DATA RECORDS Block Start
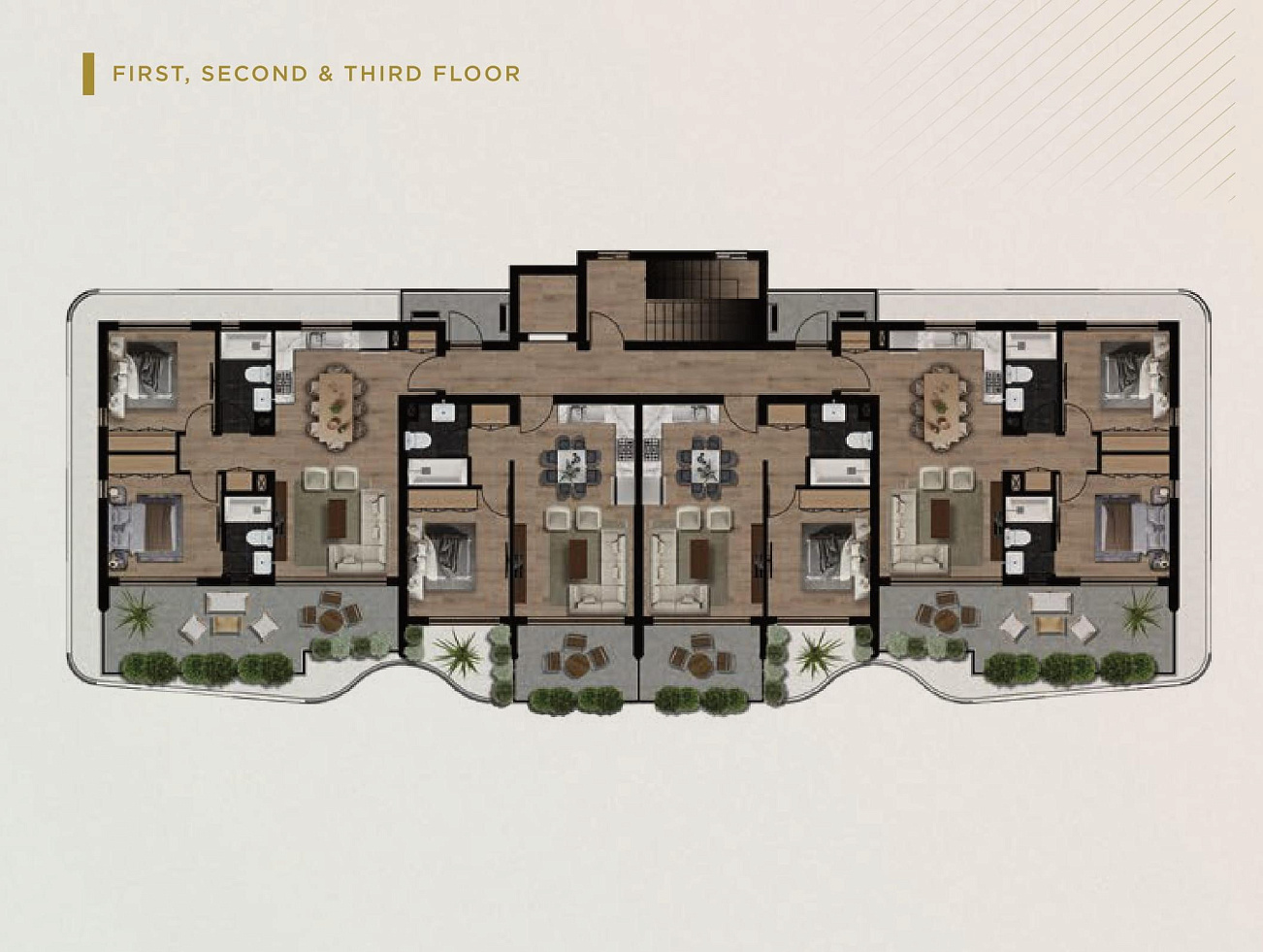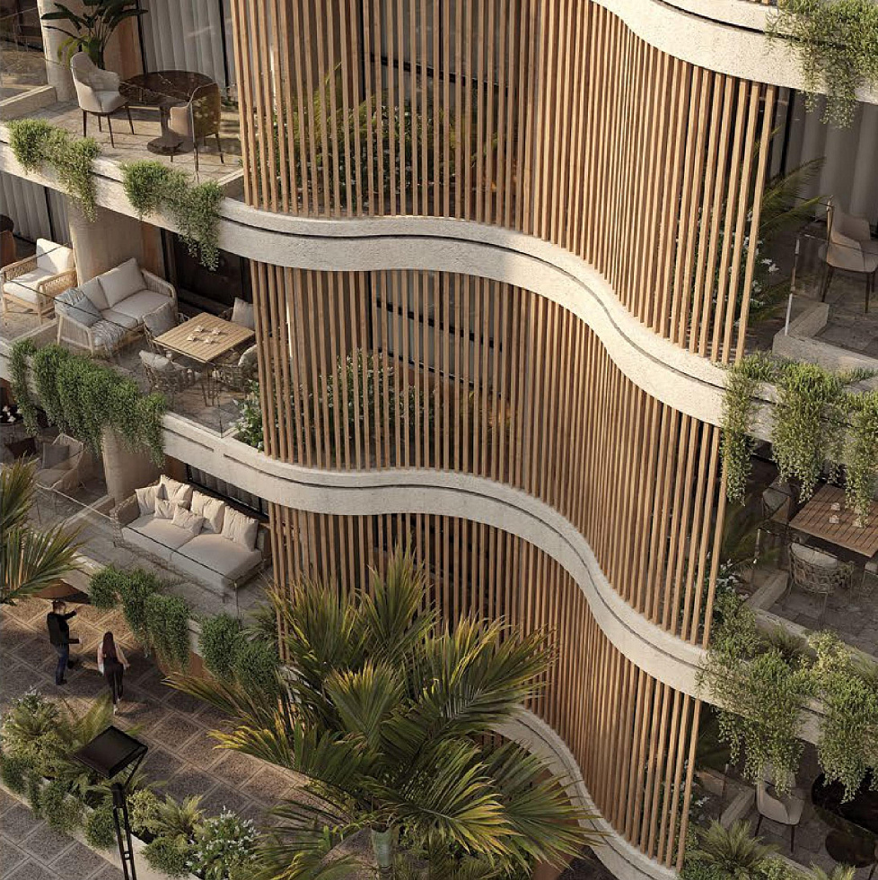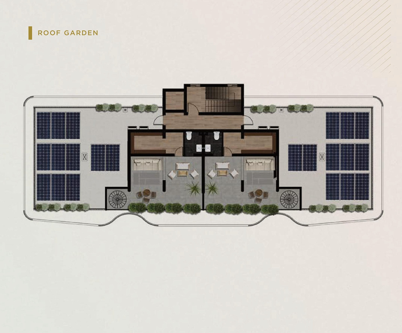The open layout of the living room, dining room and kitchen creates a seamless connection between the interior and exterior, and large verandas offer panoramic views of the sea or the city. Roof gardens are provided for the penthouses.
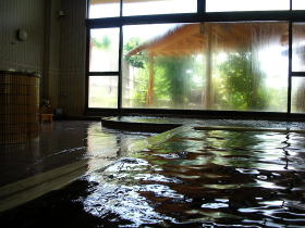 | 広々とした浴場に38℃の源泉浴槽と加温浴槽があります。いずれもかけ流し。 |
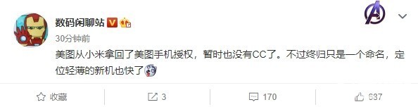 说起小米CC9系列手机,相信很多米粉心中都会想起这款亮点很多的机型,对包括该机的拍照能力、性能等方面都比较满意。不过,之后很长一段时间,都没有看到小米推出CC系列的新机。3月26日,微博博主@数码闲聊站 发文爆料称,美图手机的授权被拿回,暂时也就没有CC了,不过终究只是一个命名,定位轻薄的新机也快了。
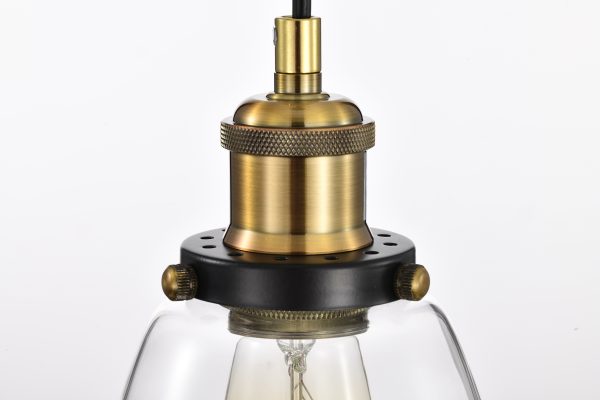 Mateo 1-Light Black and Antique Brass Mini Pendant Light with Clear Glass Shade
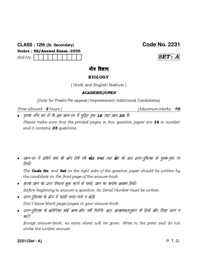 HBSE Class 12 Question Paper 2025 Biology View Download
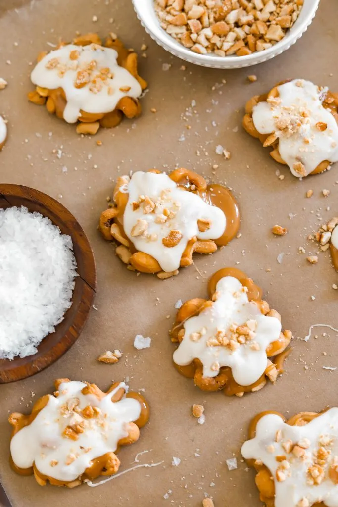 Creamy, chewy, crunchy, and buttery cashew clusters covered in sweet caramel and salted white chocolate.
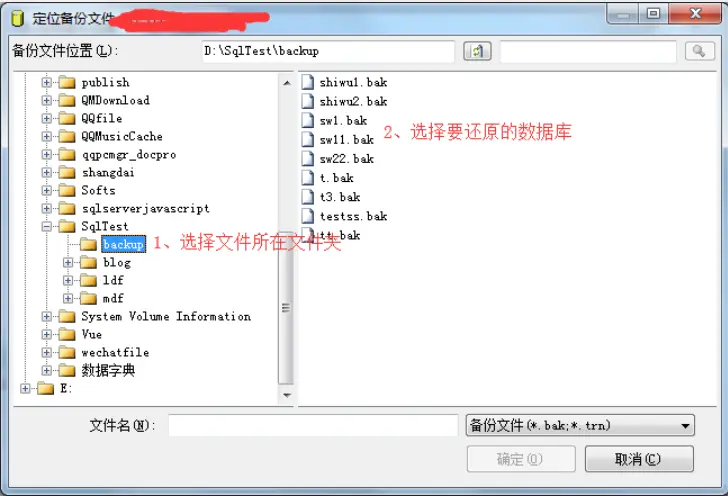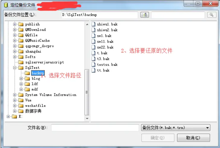 4、在定位备份文件弹出框中-》选择文件所在路径-》选择要还原的文件-》点击确定。
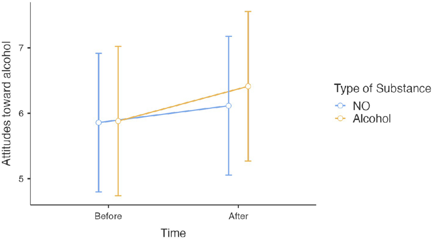 In Action 4 (Supporting party organizers through a dedicated web page), we conducted an online experiment to assess the impact of a website1 offering information about (i) alcohol, and (ii) emerging addictive substances (MDMA, N2O, CBD). Action 4 included young adults aged 18 to 25 from the universities of Nantes and Nanterre who visited the montetasoiree.com website. Participants had to give informed consent and complete the pre- and post-exposure questionnaires. Exclusion criteria were those outside the specified age range, those who did not give their consent. The goal was to determine whether exposure to these webpages would affect attitudes toward, and intentions to consume, alcohol and emerging substances. Like in Action 3, the website was taken from a pre-existing site that had been used for an alcohol and emerging substances prevention campaign. As in Action 3, it was complicated to evaluate the target population directly without compromising the effectiveness of the intervention, so we proposed an evaluation of a group of students who corresponded to the target (age and diversity of profiles). A total of 66 students were exposed to the page containing information on alcohol, while 64 students viewed the page on emerging substances (mean age 19.68 years, SD = 3.6; 94% female) from the Universities of Nantes and Nanterre. The sex ratio indicated a much larger proportion of female participants, which could potentially affect the results given that there may be sex differences in attitudes and behaviors related to alcohol and drug use. The participants were asked to respond to an online questionnaire before and after viewing a webpage. The webpage they viewed was randomly selected between (i) a page from the website providing information on alcohol drinking (i.e., effects on health and how to drink responsibly), or (ii) a page discussing emerging substances (i.e., effects on health and how to mitigate their effect when consuming). We measured (i) attitudes toward alcohol and emerging substances, (ii) intentions to consume alcohol and emerging substances, and (iii) age and sex.
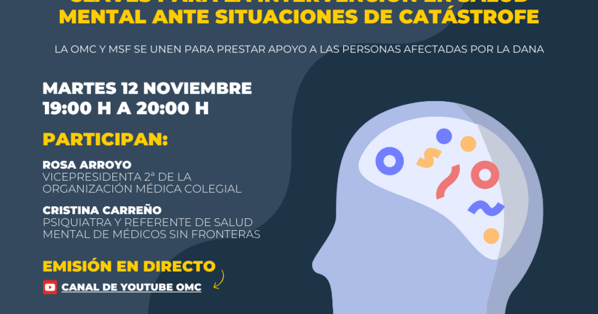 La Fundación para la Cooperación Internacional de la Organización Médica Colegial (FCOMCI) y Médicos Sin Fronteras (MSF) unen fuerzas ante la catástrofe de la DANA en nuestro país a través de un webinar dirigido a los profesionales sanitarios para ofrecer las claves para la intervención en salud mental ante situaciones de catástrofe: ‘Claves para la intervención en salud mental ante situaciones de catástrofe’.
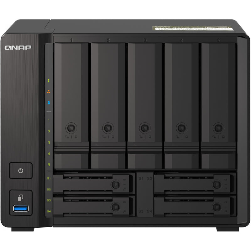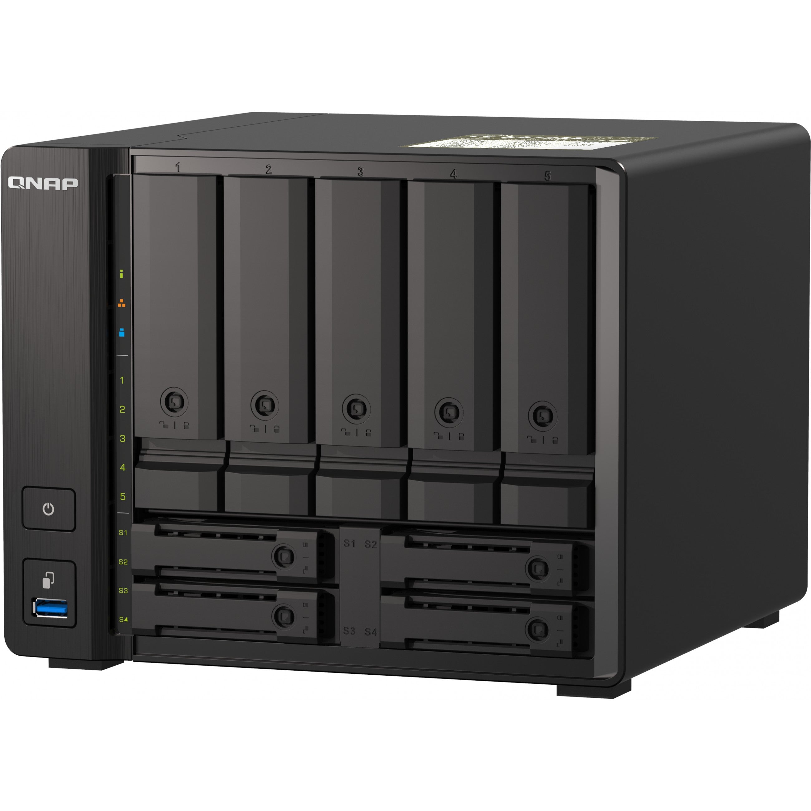 QNAP 9-bay NAS AMD Ryzen V1500B 32GB DDR4 SODIMM 5x6.35cm 2.5Zoll/8.89cm 3.5Zoll SATA 6Gbps + 2x6.35cm 2.5Zoll U.2 NVMe PCIe Gen3 x4
DATA RECORDS Block End
● **EXERCISE DETAILS**
The records above, minus their pictures, are to be returned verbatim.

● **TASK ANSWER**
The open layout of the living room, dining room and kitchen creates a seamless connection between the interior and exterior, and large verandas offer panoramic views of the sea or the city. Roof gardens are provided for the penthouses.
 | 広々とした浴場に38℃の源泉浴槽と加温浴槽があります。いずれもかけ流し。 |
 说起小米CC9系列手机,相信很多米粉心中都会想起这款亮点很多的机型,对包括该机的拍照能力、性能等方面都比较满意。不过,之后很长一段时间,都没有看到小米推出CC系列的新机。3月26日,微博博主@数码闲聊站 发文爆料称,美图手机的授权被拿回,暂时也就没有CC了,不过终究只是一个命名,定位轻薄的新机也快了。
 Mateo 1-Light Black and Antique Brass Mini Pendant Light with Clear Glass Shade
 HBSE Class 12 Question Paper 2025 Biology View Download
 Creamy, chewy, crunchy, and buttery cashew clusters covered in sweet caramel and salted white chocolate.
 4、在定位备份文件弹出框中-》选择文件所在路径-》选择要还原的文件-》点击确定。
 In Action 4 (Supporting party organizers through a dedicated web page), we conducted an online experiment to assess the impact of a website1 offering information about (i) alcohol, and (ii) emerging addictive substances (MDMA, N2O, CBD). Action 4 included young adults aged 18 to 25 from the universities of Nantes and Nanterre who visited the montetasoiree.com website. Participants had to give informed consent and complete the pre- and post-exposure questionnaires. Exclusion criteria were those outside the specified age range, those who did not give their consent. The goal was to determine whether exposure to these webpages would affect attitudes toward, and intentions to consume, alcohol and emerging substances. Like in Action 3, the website was taken from a pre-existing site that had been used for an alcohol and emerging substances prevention campaign. As in Action 3, it was complicated to evaluate the target population directly without compromising the effectiveness of the intervention, so we proposed an evaluation of a group of students who corresponded to the target (age and diversity of profiles). A total of 66 students were exposed to the page containing information on alcohol, while 64 students viewed the page on emerging substances (mean age 19.68 years, SD = 3.6; 94% female) from the Universities of Nantes and Nanterre. The sex ratio indicated a much larger proportion of female participants, which could potentially affect the results given that there may be sex differences in attitudes and behaviors related to alcohol and drug use. The participants were asked to respond to an online questionnaire before and after viewing a webpage. The webpage they viewed was randomly selected between (i) a page from the website providing information on alcohol drinking (i.e., effects on health and how to drink responsibly), or (ii) a page discussing emerging substances (i.e., effects on health and how to mitigate their effect when consuming). We measured (i) attitudes toward alcohol and emerging substances, (ii) intentions to consume alcohol and emerging substances, and (iii) age and sex.
 La Fundación para la Cooperación Internacional de la Organización Médica Colegial (FCOMCI) y Médicos Sin Fronteras (MSF) unen fuerzas ante la catástrofe de la DANA en nuestro país a través de un webinar dirigido a los profesionales sanitarios para ofrecer las claves para la intervención en salud mental ante situaciones de catástrofe: ‘Claves para la intervención en salud mental ante situaciones de catástrofe’.
 QNAP 9-bay NAS AMD Ryzen V1500B 32GB DDR4 SODIMM 5x6.35cm 2.5Zoll/8.89cm 3.5Zoll SATA 6Gbps + 2x6.35cm 2.5Zoll U.2 NVMe PCIe Gen3 x4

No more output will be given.